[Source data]
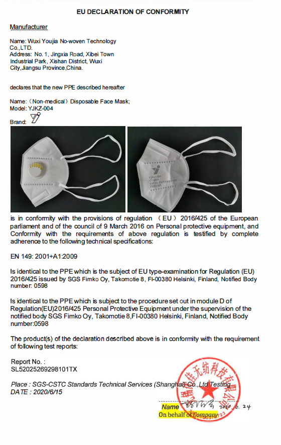 【Compliance】This filtering half masks is designed to protect against particles, it has passed EN149:2001+A1:2009 to show conformity to the EHSR of Regulation (EU) 2016/425.
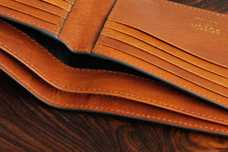 All of our signature leathers are full-grain, vegetable-tanned, and hand-stained by artisans in Italy. This process reveals the natural character of each hide and ensures that it develops a richness and depth that only grows more beautiful with time.
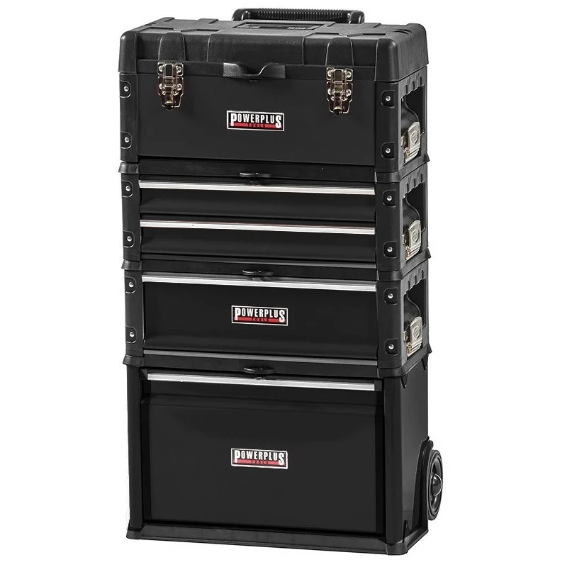 Verrijdbare gereedschapstrolley 4 delig met stapelbare gereedschapskisten.
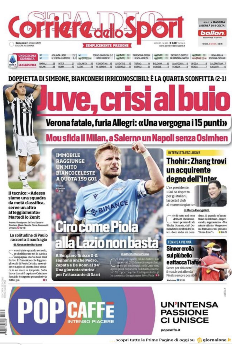 Nell'edizione di oggi il Corriere dello Sport apre in prima pagina col secondo ko consecutivo della Juventus in campionato: "Juve, crisi al buio. Verona fatale, furia: Allegri: 'Una vergogna i 15 punti'". A centro pagina spazio al pareggio tra Atalanta e Lazio e al record di gol di Immobile in maglia biancoceleste: "Ciro come Piola alla Lazio non basta". A centro pagina spazio alle gare che aspettano Napoli e Milan oggi: "Mou sfida il Milan, a Salerno un Napoli senza Osimhen".
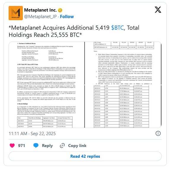 此次购币资金来源于一项14.5亿美元的国际股票发行。Metaplanet不断增长的比特币储备,也重塑了全球企业比特币持有者的排名格局。
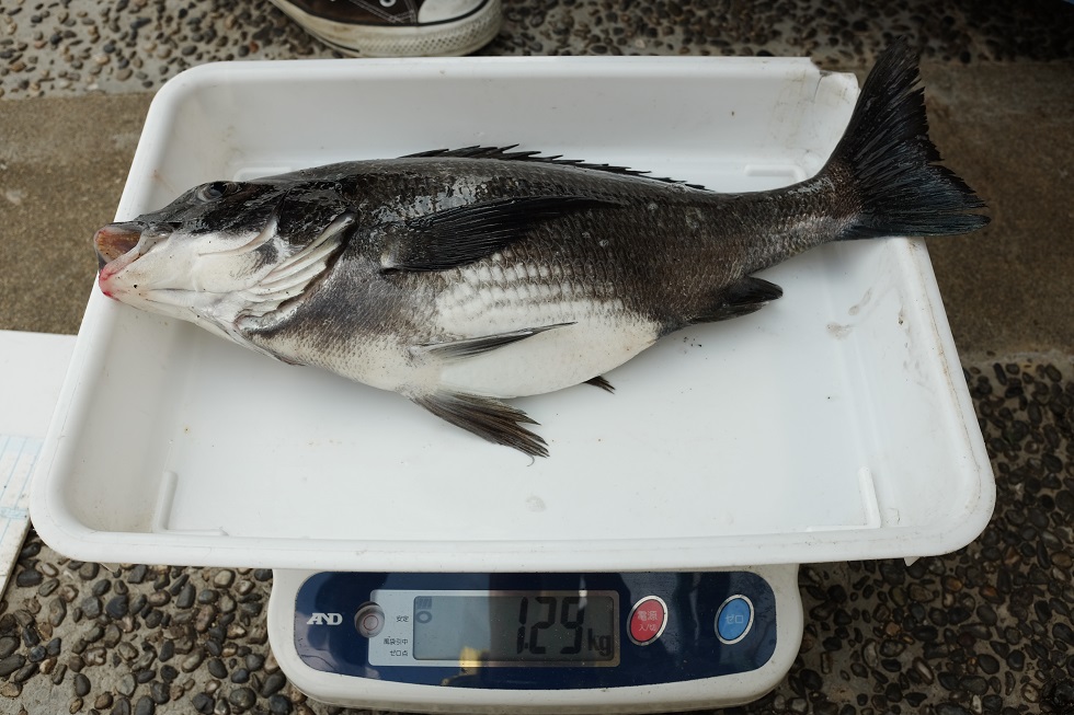 開場後間もなく雨が止んで、時折薄曇りの中陽が射してきました。釣台には、数名のお客様が色々な釣り方で釣りをやられています。フカセ釣り・エビ撒き釣り・ブッコミ釣り・落とし込みでチヌ・ハネをねらっておられます。残念ながら10時現在釣果は無く、今日はなかなか渋いようです。13時前に、朝からエビ撒き釣りをされているお客様がチヌの47cm(1680g)を追加登録されました。おめでとうございます!!
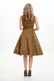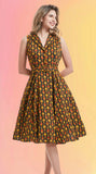 An absolute vintage inspired CLASSIC! The print is a "bitten" abstract apple in the loveliest shades of Fall!
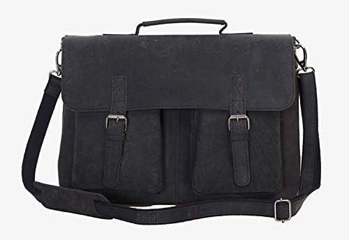 KomalC 16 Inch Leather briefcase Laptop Messenger Bags for Men and Women Best Office Satchel Bag(Charcoal Black)
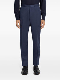 wool straight-leg trousers Highlights - Blue - Wool - Concealed front zip fastening - Belt loops - Straight leg - Two side slit pockets - Two rear welt pockets Imported Composition Wool 100%
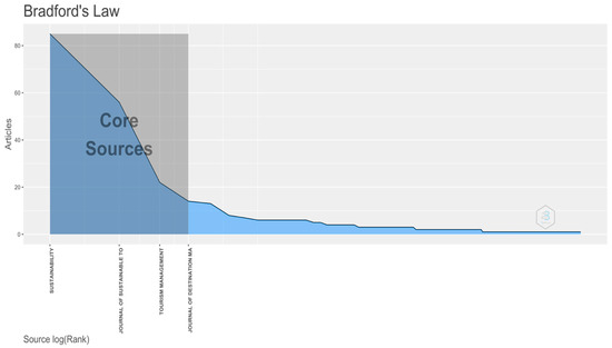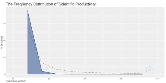 Figure 3 uses Bradford’s law. Bradford’s law explains how the articles in the field are spread across journals, and the majority of the articles in the area are centered based on core journals [54]. The results show a large number of journals that are published with few documents [55]. As shown in Figure 3, Bradford’s law explained that the core journals that have been published in sustainable tourism, such as the Sustainability Journal, Journal of Sustainable Tourism, Tourism Management, and the Journal of the Destination Marketing and Management are the main journals in sustainable tourism. Furthermore, Figure 4 explains Lotka’s law analysis for the distribution of the journals. Lotka’s law analysis is the frequency of the journal or the documents written by the authors, based on the focus of the study [56]. From Figure 4, we can conclude the results of the study, which had many authors, with around 1443 authors having only one document written, which accounts for 94.5% of the total contributions of the authors.
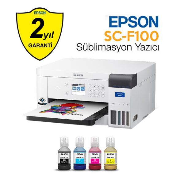 Ürün İçeriği: 1 adet SC-F100 yazıcı + 4 adet 140 ml orijinal Epson Sublimasyon mürekkepleri
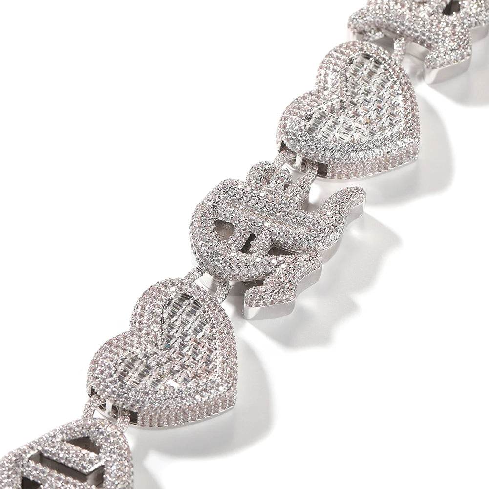 This eye-catching necklace features a chunky 26mm Cuban link chain, accented with a dazzling iced-out heart and vintage-style lettering, all encrusted with 3A CZ stones for a radiant, diamond-like shine.
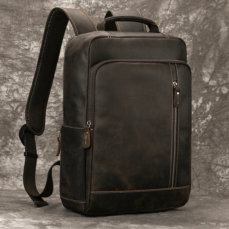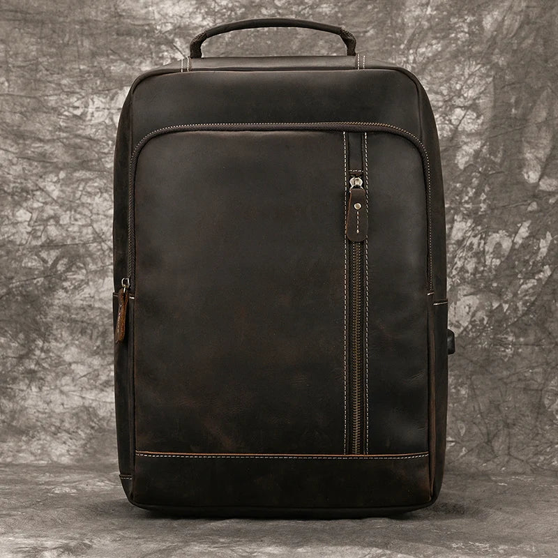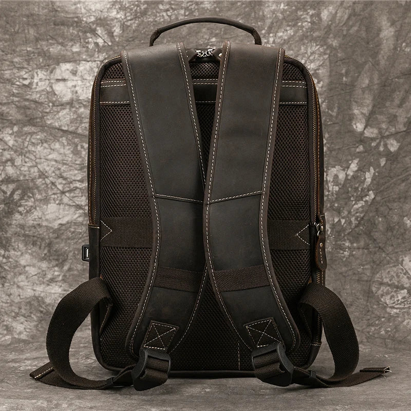 Men's Crazy Horse Leather Backpack 15.6" Laptop Daypack USB
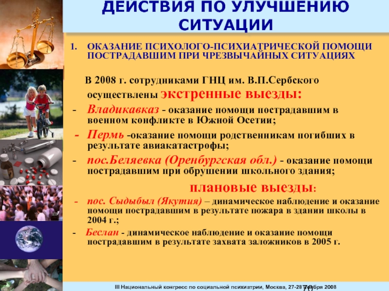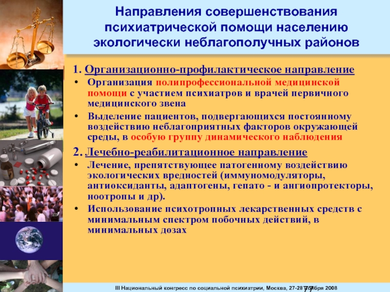 Слайд 77Направления совершенствования психиатрической помощи населению экологически неблагополучных районов
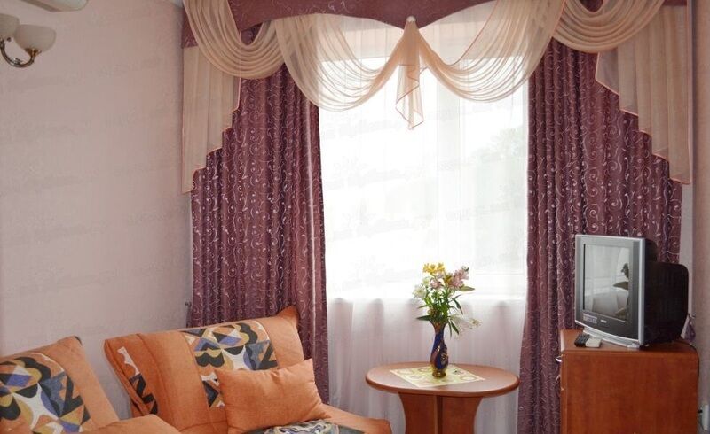В номере: одна двуспальная кровать, два дополнительных места, сплит-система, шкаф/гардероб, трюмо с зеркалом, журнальный столик, тумбочки, диван, кресла, телевизор, холодильник, кухонные принадлежности. Санузел: душ, туалет, туалетные принадлежности, халат, тапочки.
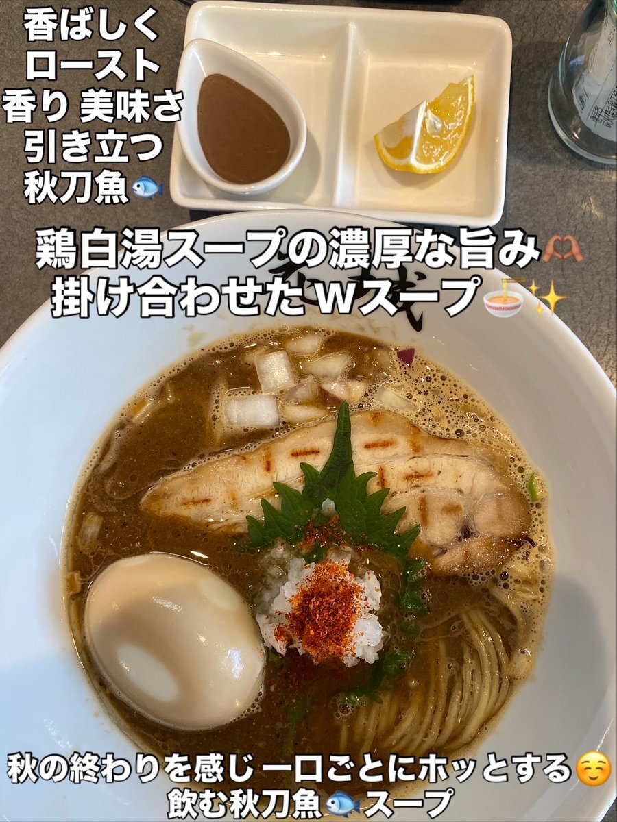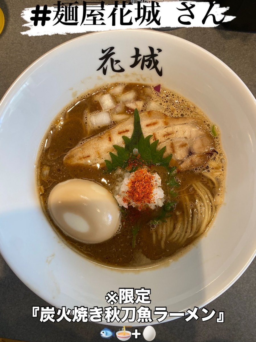5-11/20-266 出勤前🪫lunch #麺活🍜 #麺屋花城 さんへ🚙💨 ※限定 『炭火焼き秋刀魚ラーメン』🐟🍜+🥚 頂きました♪ 香ばしくローストされ 香り 美味さ 引き立つ秋刀魚🐟 鶏白湯スープの濃厚な旨みを 掛け合わせたWスープ🍜✨ 秋の終わりを感じ 一口ごとにホッとする☺️ 飲む秋刀魚🐟スープ 御馳走様🙏 pic.x.com/Q76iZskBMV
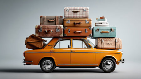 A vibrant orange vintage car with an artistic arrangement of various luggage pieces stacked high, showcasing travel themes, adventure spirit, and nostalgia.
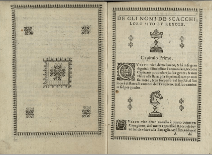 Cliccando su questo link è consultabile il Libro nel quale si tratta della maniera di giuocar’ à scacchi, edito a Torino nel 1597 “appresso Antonio de’ Bianchi”, uno dei tesori conservati nella Biblioteca storica della Città metropolitana intitolata a Giuseppe Grosso e recentemente informatizzati grazie al laboratorio DigiBESS sito presso il CNR torinese.
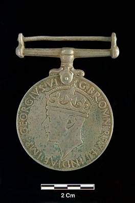 | Description / विवरण | Commemorative metal of George VI. Obverse Crowned portrait of the emperor l. Legend around the rim reads Georges VI G. BROMN. REXET INDIA EIMP. Reverse A spirited lion left trampling upon a seated animal having the beak of bird year 1939-1945 above the back of the lion. |

- TASK OBJECTIVE -
Please retype every record above exactly, leaving out the pictures.

- SOLVED EXERCISE -
 【Compliance】This filtering half masks is designed to protect against particles, it has passed EN149:2001+A1:2009 to show conformity to the EHSR of Regulation (EU) 2016/425.
 All of our signature leathers are full-grain, vegetable-tanned, and hand-stained by artisans in Italy. This process reveals the natural character of each hide and ensures that it develops a richness and depth that only grows more beautiful with time.
 Verrijdbare gereedschapstrolley 4 delig met stapelbare gereedschapskisten.
 Nell'edizione di oggi il Corriere dello Sport apre in prima pagina col secondo ko consecutivo della Juventus in campionato: "Juve, crisi al buio. Verona fatale, furia: Allegri: 'Una vergogna i 15 punti'". A centro pagina spazio al pareggio tra Atalanta e Lazio e al record di gol di Immobile in maglia biancoceleste: "Ciro come Piola alla Lazio non basta". A centro pagina spazio alle gare che aspettano Napoli e Milan oggi: "Mou sfida il Milan, a Salerno un Napoli senza Osimhen".
 此次购币资金来源于一项14.5亿美元的国际股票发行。Metaplanet不断增长的比特币储备,也重塑了全球企业比特币持有者的排名格局。
 開場後間もなく雨が止んで、時折薄曇りの中陽が射してきました。釣台には、数名のお客様が色々な釣り方で釣りをやられています。フカセ釣り・エビ撒き釣り・ブッコミ釣り・落とし込みでチヌ・ハネをねらっておられます。残念ながら10時現在釣果は無く、今日はなかなか渋いようです。13時前に、朝からエビ撒き釣りをされているお客様がチヌの47cm(1680g)を追加登録されました。おめでとうございます!!
 An absolute vintage inspired CLASSIC! The print is a "bitten" abstract apple in the loveliest shades of Fall!
 KomalC 16 Inch Leather briefcase Laptop Messenger Bags for Men and Women Best Office Satchel Bag(Charcoal Black)
 wool straight-leg trousers Highlights - Blue - Wool - Concealed front zip fastening - Belt loops - Straight leg - Two side slit pockets - Two rear welt pockets Imported Composition Wool 100%
 Figure 3 uses Bradford’s law. Bradford’s law explains how the articles in the field are spread across journals, and the majority of the articles in the area are centered based on core journals [54]. The results show a large number of journals that are published with few documents [55]. As shown in Figure 3, Bradford’s law explained that the core journals that have been published in sustainable tourism, such as the Sustainability Journal, Journal of Sustainable Tourism, Tourism Management, and the Journal of the Destination Marketing and Management are the main journals in sustainable tourism. Furthermore, Figure 4 explains Lotka’s law analysis for the distribution of the journals. Lotka’s law analysis is the frequency of the journal or the documents written by the authors, based on the focus of the study [56]. From Figure 4, we can conclude the results of the study, which had many authors, with around 1443 authors having only one document written, which accounts for 94.5% of the total contributions of the authors.
 Ürün İçeriği: 1 adet SC-F100 yazıcı + 4 adet 140 ml orijinal Epson Sublimasyon mürekkepleri
 This eye-catching necklace features a chunky 26mm Cuban link chain, accented with a dazzling iced-out heart and vintage-style lettering, all encrusted with 3A CZ stones for a radiant, diamond-like shine.
 Men's Crazy Horse Leather Backpack 15.6" Laptop Daypack USB
 Слайд 77Направления совершенствования психиатрической помощи населению экологически неблагополучных районов
В номере: одна двуспальная кровать, два дополнительных места, сплит-система, шкаф/гардероб, трюмо с зеркалом, журнальный столик, тумбочки, диван, кресла, телевизор, холодильник, кухонные принадлежности. Санузел: душ, туалет, туалетные принадлежности, халат, тапочки.
5-11/20-266 出勤前🪫lunch #麺活🍜 #麺屋花城 さんへ🚙💨 ※限定 『炭火焼き秋刀魚ラーメン』🐟🍜+🥚 頂きました♪ 香ばしくローストされ 香り 美味さ 引き立つ秋刀魚🐟 鶏白湯スープの濃厚な旨みを 掛け合わせたWスープ🍜✨ 秋の終わりを感じ 一口ごとにホッとする☺️ 飲む秋刀魚🐟スープ 御馳走様🙏 pic.x.com/Q76iZskBMV
 A vibrant orange vintage car with an artistic arrangement of various luggage pieces stacked high, showcasing travel themes, adventure spirit, and nostalgia.
 Cliccando su questo link è consultabile il Libro nel quale si tratta della maniera di giuocar’ à scacchi, edito a Torino nel 1597 “appresso Antonio de’ Bianchi”, uno dei tesori conservati nella Biblioteca storica della Città metropolitana intitolata a Giuseppe Grosso e recentemente informatizzati grazie al laboratorio DigiBESS sito presso il CNR torinese.
 | Description / विवरण | Commemorative metal of George VI. Obverse Crowned portrait of the emperor l. Legend around the rim reads Georges VI G. BROMN. REXET INDIA EIMP. Reverse A spirited lion left trampling upon a seated animal having the beak of bird year 1939-1945 above the back of the lion. |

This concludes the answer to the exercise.